Friday, May 29, 2009

The Inflection Point?

The economists and traders around the world are engaged in the debate whether its a bear market rally, or the markets have actually turned around. The doom sayers are leaving no-stone to make everyone believe that their time under the sun hasn't finished. Whereas, the investors and money managers around are world are jumping to buy at every opportunity.

Its very difficult to say as of now which way the markets are headed. The short term momentum is certainly on the long side, but the valuations are getting costlier by the day. And unless the economy and earnings show a quick turnaround, we may see an over-heated stock market.

S&P has stayed close to 900 range for a few weeks now, and it has failed to break on the either side. There is good consolidation happening around this range, we may see a decisive move in either side very soon. If one is long vol, it may be a better idea to hedge less frequently as markets may be trending in one direction from here. I would expect S&P to be either below 800 levels or over 1000 levels by the end of June.

VIX also has been staying close to its 30 support levels, and even though it the breached it for a couple of days, it has failed to remain below the range for a longer period. We may see a gradual move up in volatility in the coming days, and I would rather be long vols at these levels.

Nifty has been playing around in the 4200-4500 range now, and contrary to all the initial expectations, markets haven't yet broken below the levels reached after the 'Super Monday'. Shorts have been cleared in the system, and the futures premium has jumped to high levels.
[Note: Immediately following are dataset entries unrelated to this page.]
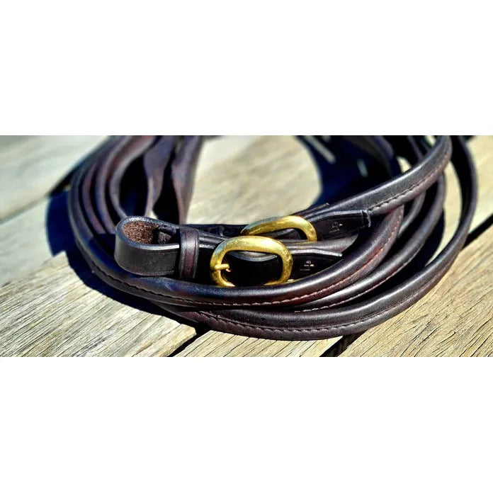 Finished with leather popper ends and solid brass buckle ends for secure bit attachment.
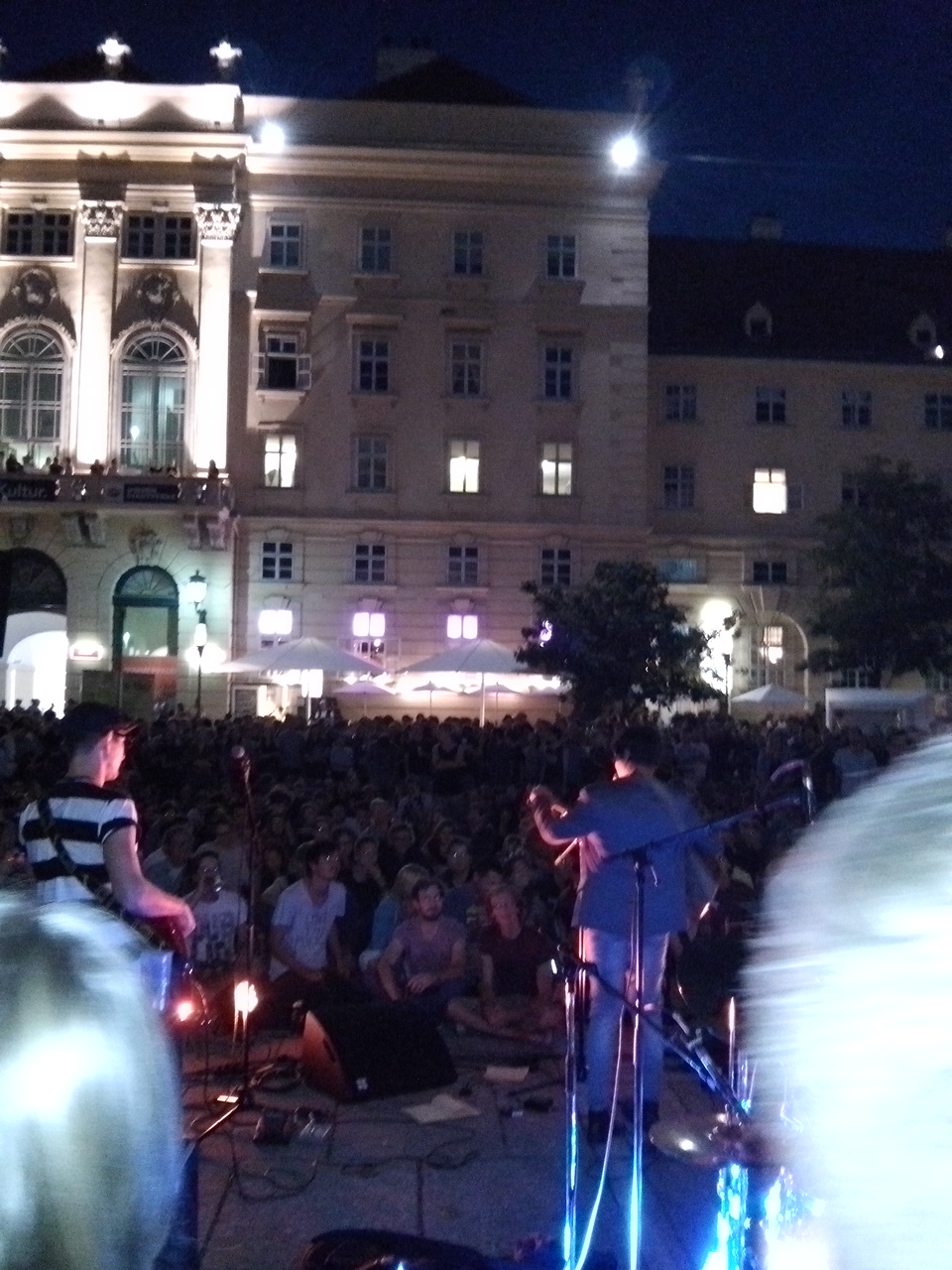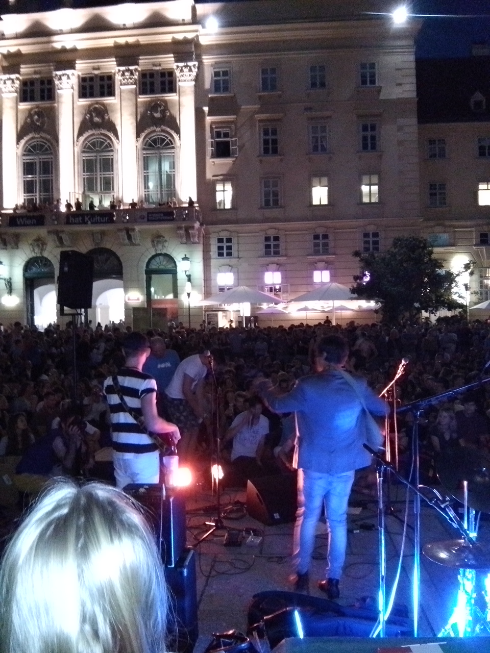 Der Spätabend war eingekehrt, die Bühne erleuchtete die Gebäude des MQ, welche in den Nachthimmel ragten und eine eindrucksvolle Kulisse ergaben. Das schunkelnde Schlusslied vom Vergessen wichtiger Dinge wie des Kapodasters und der Frage ob es die Klara aus dem Lied Du Oasch wirklich gibt, schloss dann das erste Set.
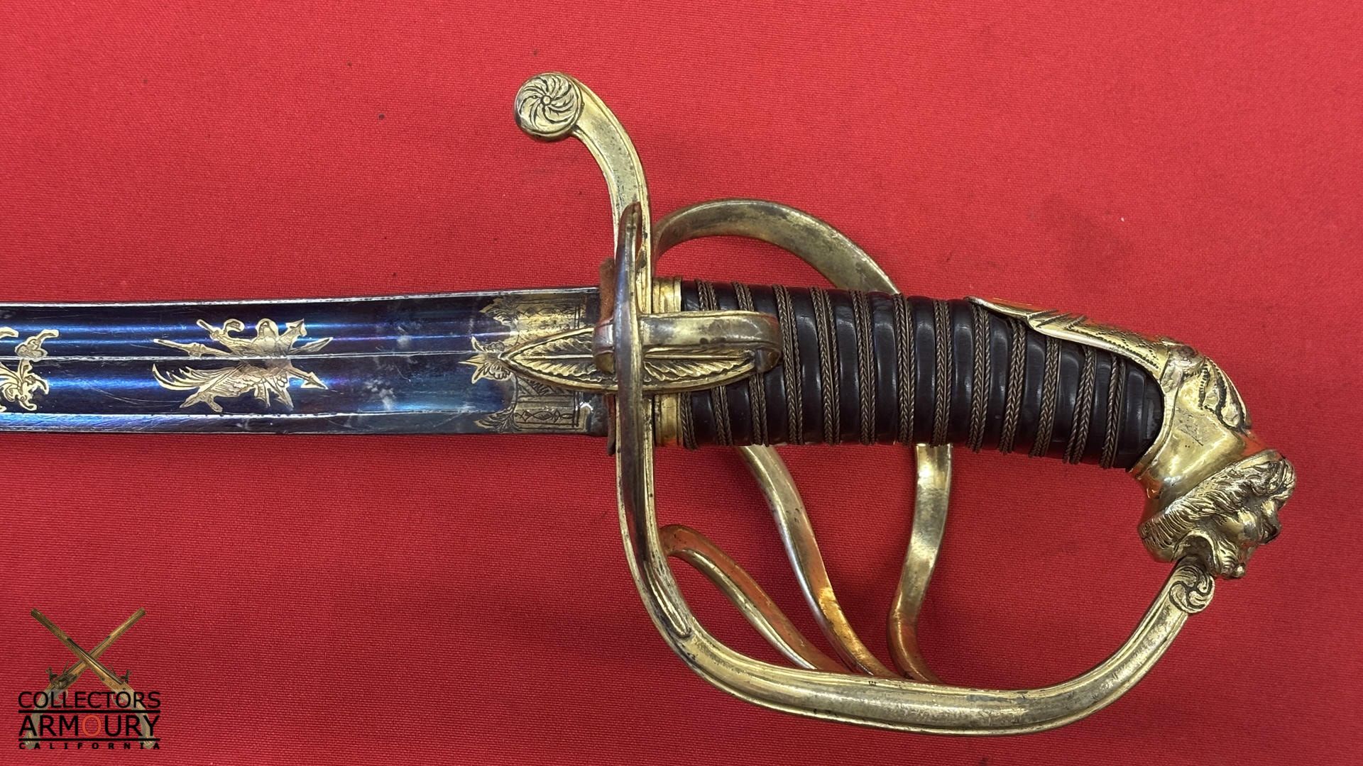 An Truly Exceptional Napoleonic Era Prussian Cavalry Hussar Officer’s Saber With Splendid Gilded Lion Pommel Hilt And Fire Blued And Gilt Blade.
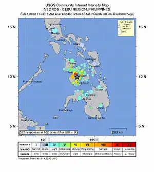 El terremoto de Cebú de 2012 fue un sismo ocurrido a las 11:49:16 hora local (03:49:16 UTC) del 6 de febrero de 2012 que alcanzó los 6,7 grados en la escala de magnitud de momento y el grado IX en la escala de Mercalli.[1] El epicentro se ubicó en el centro de Filipinas, específicamente en la región de Cebú. El terremoto mató a al menos 113 personas, 40 permanecen desaparecidas y 100 resultaron heridas. Además se reportaron daños en 9 edificios y varios deslizamientos de tierra.[2]
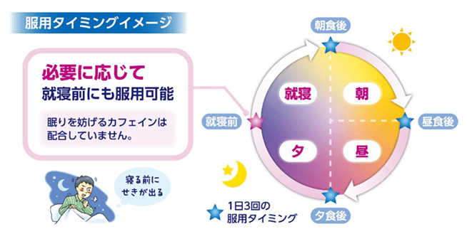 - 1日3回に加え、必要に応じて就寝前にも服用可能。つらいせきにもしっかり対処
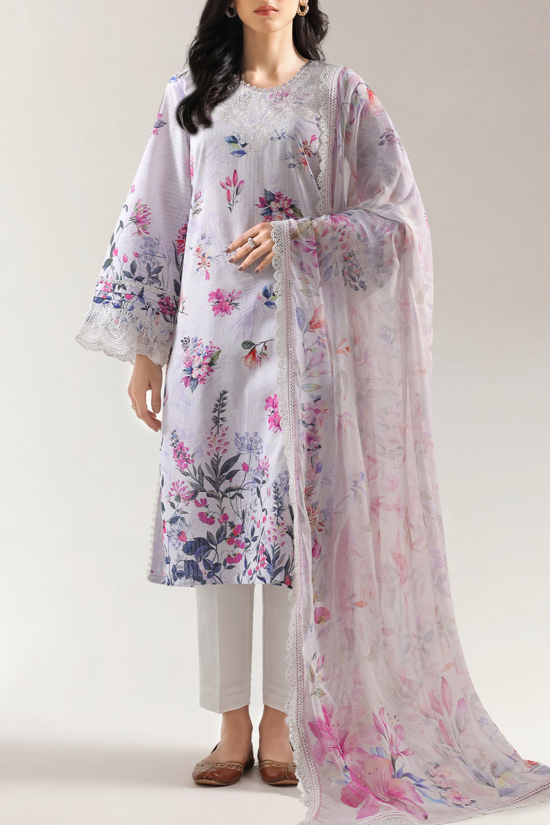 Unstitched Printed Embroidered Cotton Tencel 3 Piece
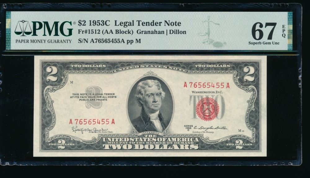 One 1953C $2 Legal Tender Note PMG 67EPQ.

Might seem silly to say, but I don't think markets are going to cross 4600-4700 range in the near term. With budget around the corner, long term investors would shy away from committing large funds.

EUR and GBP have been gaining against the USD, and last I saw, EUR was trading at 1.41 levels. Somehow, I am not very bullish on the Eurozone, and think the currency would depreciate. US economy in the shambles, and with General Motors filing for bankruptcy, another chapter in the US economic history comes to an end. However, I don't think EUR or GBP are the alternatives for the future.
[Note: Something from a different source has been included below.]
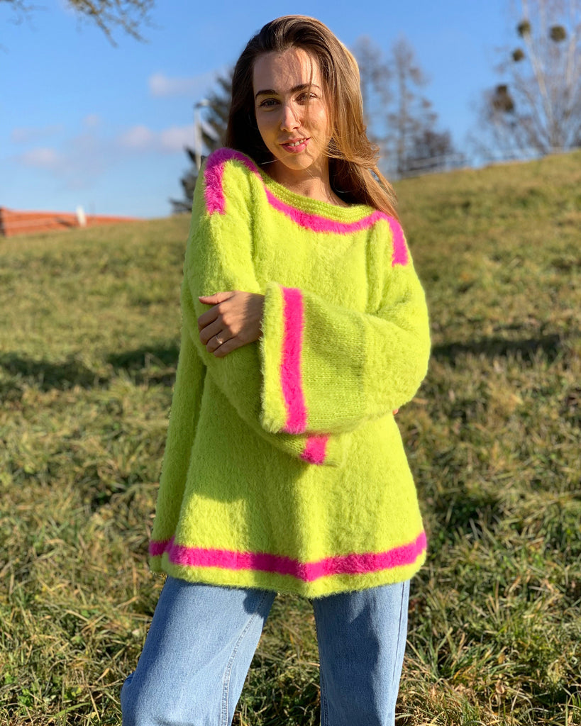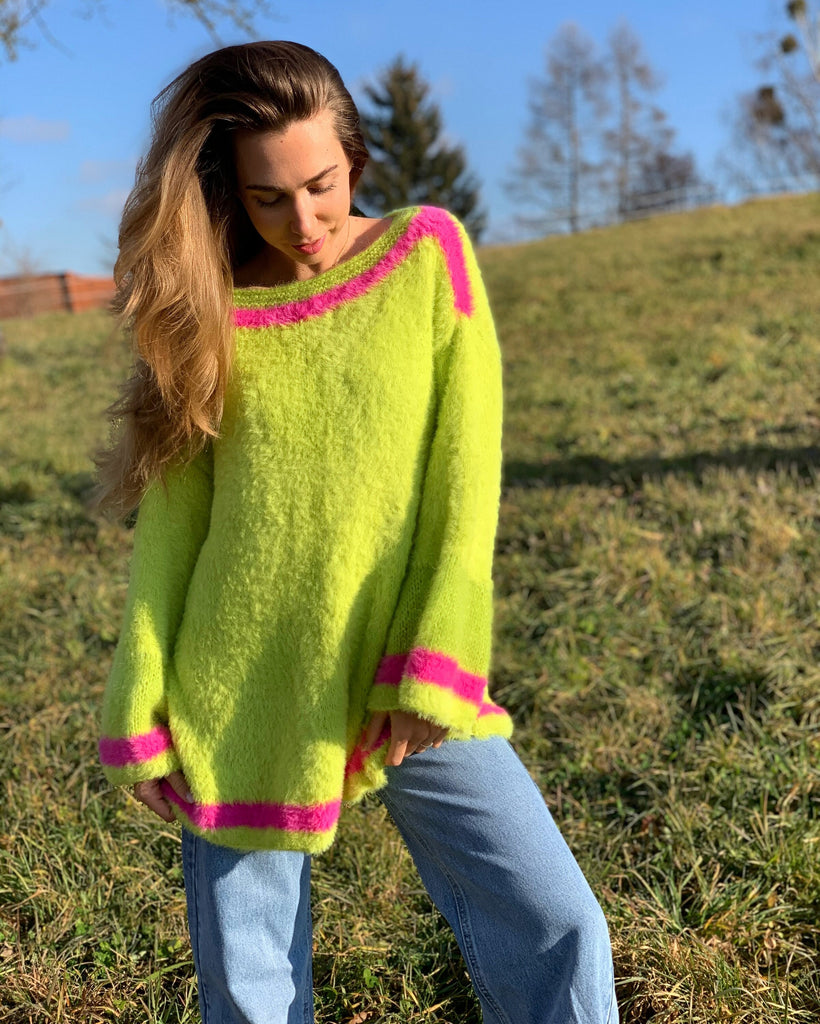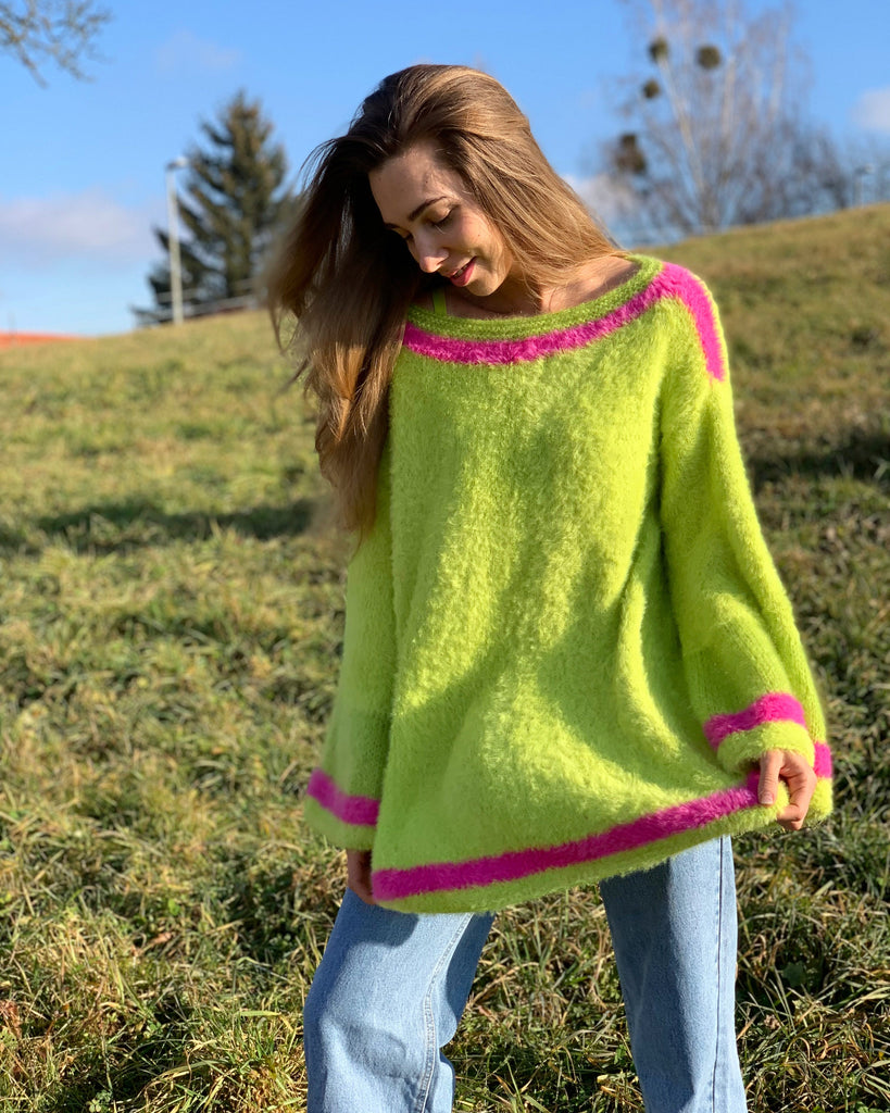 Hello, I'm the one, who won't let you down - faux fur green sweater.

Gold has been climbing for over a month now, and is trading close to 950 levels (mostly on the back of USD weakness). Oil has also been moving up, and is currently at 65. If the Oil keeps climbing, and moves into the 80+ zone, we may all be back to square one.

Tuesday, May 19, 2009

Market View: Gone in 60 secs

Election results came out on the weekend, and all the remaining bears in the market were brutally squeezed by the rising euphoria. We saw the first ever up-circuit in the market, and in less than 60 seconds, BSE sensex had risen by more than 2100 points.

Everything has changed in the markets, and FII continues to pump in billions into the markets. As things stand, we may be in for a long up move. There is a big gap in the market, and a lot of people have completely missed this rally.
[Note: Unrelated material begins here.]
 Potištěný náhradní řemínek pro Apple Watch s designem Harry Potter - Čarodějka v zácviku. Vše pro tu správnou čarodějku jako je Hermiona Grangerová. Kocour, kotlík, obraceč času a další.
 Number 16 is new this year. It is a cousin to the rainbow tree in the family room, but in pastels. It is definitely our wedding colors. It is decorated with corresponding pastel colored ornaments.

Like someone said, one shouldn't worry too much about a single day's move. The trick is just to survive to see another day.

Thursday, May 14, 2009

Market View: May 2009

Markets world-wide have seen the mother of all rallys in the past 7-8 weeks, and all across stocks have risen by anywhere between 30-100%. Nifty has moved from its 2700-2800 levels to 3600+ levels!!!

The big turnaround has been led by good financial results (in a system oozing with liquidity, that should have been expected), and some aggressive moves by the fed and treasury officials in US. Everyone could see the 'green shoots' in the economy in the form of falling unemploment numbers, rising output levels, rising retail sales, etc. And the result was an almost angry rally, wiping out all the 'nay-sayers'.

As we stand at the present, everything is up, and lot of people have shifted from the bear-camp to the bull-camp. March was scary as everyone (including me) was giving lower and lower target levels for the Nifty (with people quoting figures as low as 1200!!!). Now there is greater sanity in the market, and there is a suitable opposition to all the gloom-and-doom predicators.

S&P has been flirting with the 900 levels for whole of this week, and after breaking it, has come down again. If it breaks above 900 once more, a move towards 1000 is highly possible. However, if it fails to break it in in another week or so, then we may see the return of blood on the street.

Gold surprisingly has been going up even during this rally, and is currently at 925 levels. With all this bullishness, I would have expected gold to trade at sub-800 levels. So, there is a correction due in atleast one of the markets.

Credit markets have been improving, and JPM Emerging Market index is now at 500 levels. Still much above the pre-Lehman times, but this has improved considerably from its 800-levels seen in October'08.

My view on the Indian Market is that we may see this rally continue till 4000 levels. Unless something goes really wrong worldwide, we may see everything moving up. Elections, which have been the talk of the tinsel town over the past couple of months, may turn out to be a non-event. Either the NDA, or UPA could be making the parliament, and who amongst the two noone gives a damn.

EUR has surprisingly out-performed against USD, and has climbed to 1.35+ levels. However, I still believe its a ticking time-bomb, and might turn out to be very difficult to diffuse (unless the central banks round the world keep pumping liquidity into the system).